By VennerRoad, 21st Nov 2014
A profile of two notorious serial killers who were both hanged for their crimes.
Serial killer John George Haigh
Books about crime - novels and non-fiction - have always been extremely popular, and the most popular of all are those about murder, be they of the whodunnit variety or thoroughly researched biographies. As far as thorough research goes, they don’t come any more thoroughly researched than those of Jonathan Oates, who is not only a trained history but an archivist. His considerable output includes books about the local history of London, with which there is some overlap, as for example his Foul Deeds series, but he has also written books about genealogy, eg Tracing Your Ancestors From 1066-1837, ie from the Battle of Hastings to the beginning of civil registration.
For serious scholars he has written books about the Jacobite Rebellion, but his popular crime books are written on two levels; they are easy to read but also contain masses of documentation for those who share his attention to detail.

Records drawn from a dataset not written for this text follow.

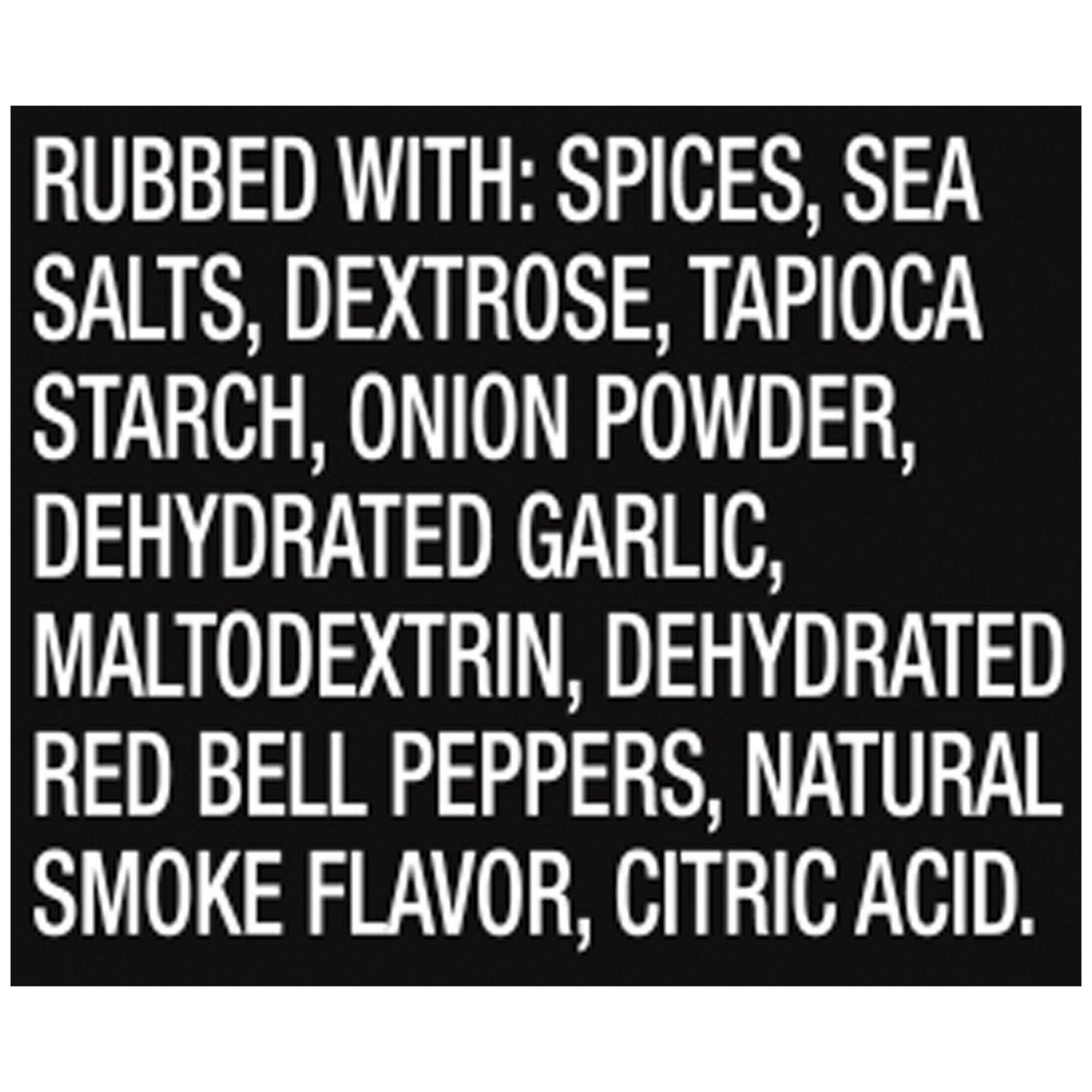 Ingredients: Marinated With Up To A 20% Solution Of Water, Vinegar, And Salt Rubbed With: Spices, Sea Salts, Dextrose, Tapioca Starch, Onion Powder, Dehydrated Garlic, Maltodextrin, Dehydrated Red Bell Peppers, Natural Smoke Flavor, Citric Acid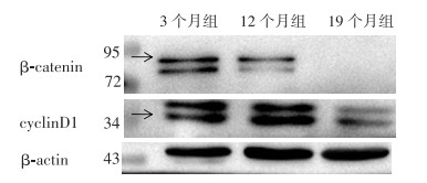 用蛋白免疫印迹法检测了2个与增殖有关的蛋白:β-catenin和cyclinD1。蛋白条带结果显示,β-catenin和cyclinD1的条带在19个月组中明显浅于其他2组,而3个月组和12个月组未见明显的差异,见图 6。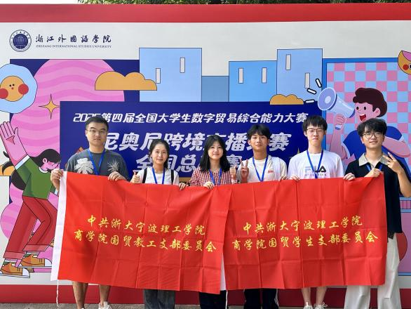 队长陈凯丽,队员孙舒逸、郑毂、王凡、丁字杰在何巨、张家滋老师的指导下,荣获尼奥尼跨境直播赛全国三等奖。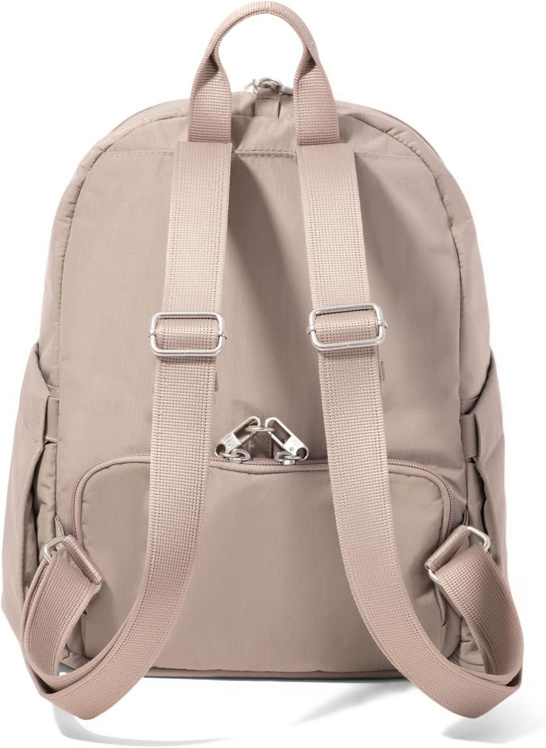 An icon, reimagined. The Securtex® Anti-Theft Getaway Backpack takes our best-selling style and elevates it with even smarter details. Crafted in durable TruNylon, it features locking zippers and cut-resistant material for peace of mind, plus roomy side pockets to keep your water bottle or umbrella close at hand. Sleek, secure, and endlessly versatile, it’s the backpack made for every journey. Stay confident and organized wherever you go with this women’s anti-theft backpack, designed for safety, style, and everyday versatility. Made from lightweight, water-repellent material with interior slash-resistant panels, it helps protect against pickpockets and unexpected weather. The double cable cut-resistant straps and locking zippers add powerful layers of protection, making it ideal for city commutes, vacations, or international travel. Inside, you’ll find a back wallet with six RFID-protected card slots and an RFID-protected passport pocket to help block unauthorized scanning of personal data. Smart organization features include a privacy pocket, padded tablet pocket, penholder, and key leash, keeping essentials neatly stored and accessible. Side water bottle pockets and a carry handle make it easy to grab and go during travel or daily routines. With compact dimensions of 9.4” W x 13” H x 5” D and a 12 L capacity, this backpack offers the perfect balance of function and fashion—spacious enough for your tablet, wallet, and travel essentials while maintaining a sleek silhouette. Whether you’re navigating busy airports, exploring new destinations, or commuting to work, this lightweight RFID backpack purse delivers the perfect blend of security, convenience, and modern style for women on the move.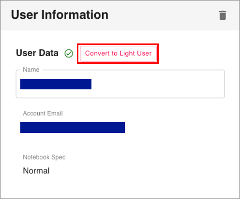 - to switch Notebook User to Light User : "Convert to Light User"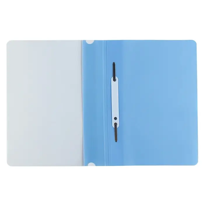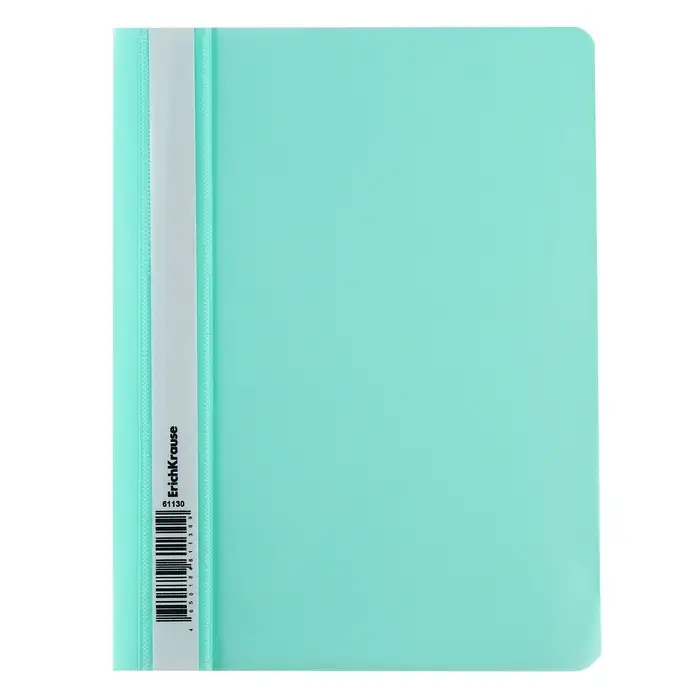 Папка-скоросшиватель формата А5+ из высококачественного пластика с текстурой поверхности "песок", на которой не видно отпечатков пальцев и мелких царапин. Предназначена для быстрого сшивания, хранения и просмотра документов. Цвет папки – ассорти: голубой, зеленый, персиковый, фиолетовый. Механизм - механический скоросшиватель; прозрачный верхний лист; усиленный пластиковый корешок с прозрачной полосой для информационной карточки. Размер - 230х170мм, толщина верхнего листа - 0.12мм, толщина нижнего листа - 0.18мм. Код и штрих-код на каждой единице товара.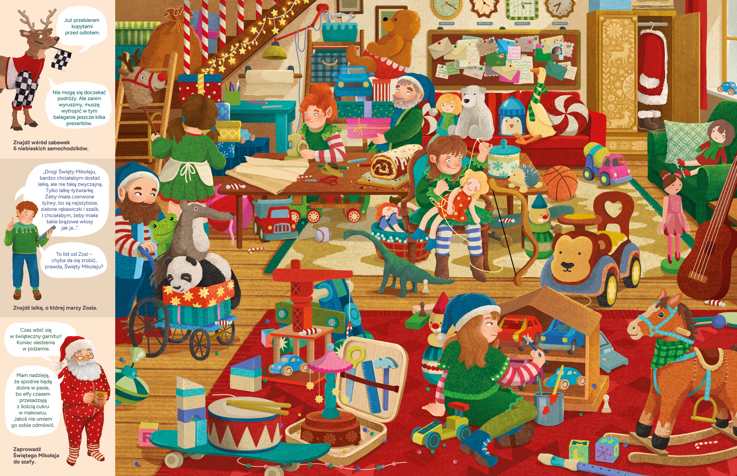 W domu Świętego Mikołaja panuje wielkie zamieszanie. Święta tuż-tuż, a jeszcze tyle spraw do załatwienia! Trzeba jak najszybciej pozbierać listy od dzieci, odnaleźć ozdoby na choinkę i przygotować prezenty… A to nie wszystko – zaginęły magiczne dzwonki! Bez nich renifery nie pociągną sań i Święty Mikołaj nie dostarczy dzieciom zabawek.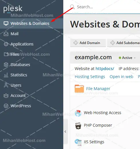 ابزار Logs در کنترل پنل پلسک به شما امکان می دهد فعالیت های وب سایت خود را به صورت زنده مشاهده کرده تا خطاها، درخواست ها و رویدادهای مهم را بتوانید بررسی کنید. برای استفاده از این ابزار ابتدا وارد کنترل پنل Plesk شوید. از منوی سمت چپ روی "Websites & Domains" کلیک کنید.

In recent years he has produced two books about notorious serial killers who were active in London during and after the Second World War: John Christie and John George Haigh. Both men were hanged, but apart from their depravity, they had little in common; Christie murdered out of some perverted desire; Haigh was in it purely for the money.

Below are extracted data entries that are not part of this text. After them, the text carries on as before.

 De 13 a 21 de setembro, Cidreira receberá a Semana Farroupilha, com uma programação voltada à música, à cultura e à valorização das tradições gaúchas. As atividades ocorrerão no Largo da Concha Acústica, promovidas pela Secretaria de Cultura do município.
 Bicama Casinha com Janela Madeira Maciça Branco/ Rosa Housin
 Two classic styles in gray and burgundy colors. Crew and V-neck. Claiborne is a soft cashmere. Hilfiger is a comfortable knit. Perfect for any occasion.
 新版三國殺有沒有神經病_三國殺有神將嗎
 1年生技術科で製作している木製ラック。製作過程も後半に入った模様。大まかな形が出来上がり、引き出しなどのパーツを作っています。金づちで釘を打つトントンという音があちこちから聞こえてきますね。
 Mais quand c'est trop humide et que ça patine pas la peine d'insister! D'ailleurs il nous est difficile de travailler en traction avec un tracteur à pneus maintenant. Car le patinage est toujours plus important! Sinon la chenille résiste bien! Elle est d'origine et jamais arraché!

Recently Dr Oates appeared on BBC Radio where he discussed Haigh. Known as the acid bath murderer, Haigh was born at Stamford, Lincolnshire, and moved to the capital to escape his past. He had expensive tastes, including gambling, and hit upon a novel way to subsidise his flamboyant lifestyle, he murdered people and stole their assets, including their property. Haigh was an adept forger, and a charmer with the ladies, although according to Dr Oates he had little interest in sex. His last victim was a wealthy widow, and she was his undoing.
Unlike apparently all his previous victims, when Mrs Olive Durand-Deacon disappeared, someone was concerned about her whereabouts. Her friend Constance Lane reported her missing, and the trail soon led to a workshop in Crawley where after luring her there Haigh had shot the old lady in the back of the neck, robbed her corpse, and then dissolved her in acid. Fortunately, a thorough examination of the premises by pathologist Keith Simpson turned up enough evidence to convict him.
In an attempt to work his ticket to Broadmoor, Haigh confessed to other murders, including one that almost certainly never happened. He claimed too to be a vampire, but the jury were not impressed although they were surely revolted. He was hanged at Wandsworth Prison in August 1949.
John Reginald Halliday Christie
If Haigh’s crimes were depraved, at least they had a rational motive; the same cannot be said for sexual sadist Christie’s. John Reginald Halliday Christie was born at Halifax, married young, and embarked on a life of petty crime. He served in the trenches during the First World War, and during the Second World War served as a reserve policeman in spite of his criminal record. While he was living apart from his wife he murdered two young women at his home, 10 Rillington Place. Their bodies were buried in the back garden, remaining there until the house of horror was uncovered in March 1953. After murdering his wife, Christie lured three women back to Rillington Place and disposed of them all. Then after forging her signature and stealing her savings, he sub-let his flat, and walked around London until his money ran out waiting for the inevitable.
This would have been a big story anyway but it was even bigger on account of the Evans case. Timothy Evans and his young wife had lived in the upstairs flat of the same house. In March 1950, Evans was hanged for the murder of his baby daughter; he had also been charged with murdering his wife, and had confessed to both murders after giving the police a cock and ball story. At his trial, Christie had been the chief prosecution witness, and by this time Evans had blamed him, but had not been believed.
The controversy surrounding the conviction of Evans was used shamelessly by the Labour MP Sydney Silverman and his gang to campaign against capital punishment, and it is widely believed today that Evans was totally innocent. Dr Oates disagrees, and is far from the first person to conclude there was no miscarriage of justice here. The journalist Ludovic Kennedy was a Silverman fellow traveller, and according to Dr Oates, he more than any other individual has been responsible for polluting this subject after the solicitor Michael Eddowes started the ball rolling with the first book on the case. It was their lobbying that led to the second official inquiry a decade and a half later.
After the necessary preliminaries, the Brabin Inquiry into the Evans case opened November 22, 1965 and sat for 32 days finishing January 21, 1966, generating a considerable amount of paper including transcripts of the full proceedings. You would not want to wade through that, even if you lived within easy travelling distance of Kew, but if like Dr Oates you have murder on the brain, you might want to read John Christie Of Rillington Place: Biography Of A Serial Killer which does all the work for you far more precisely and accurately than any previous book on the case of the two men whose names will be locked together for all eternity, Evans & Christie.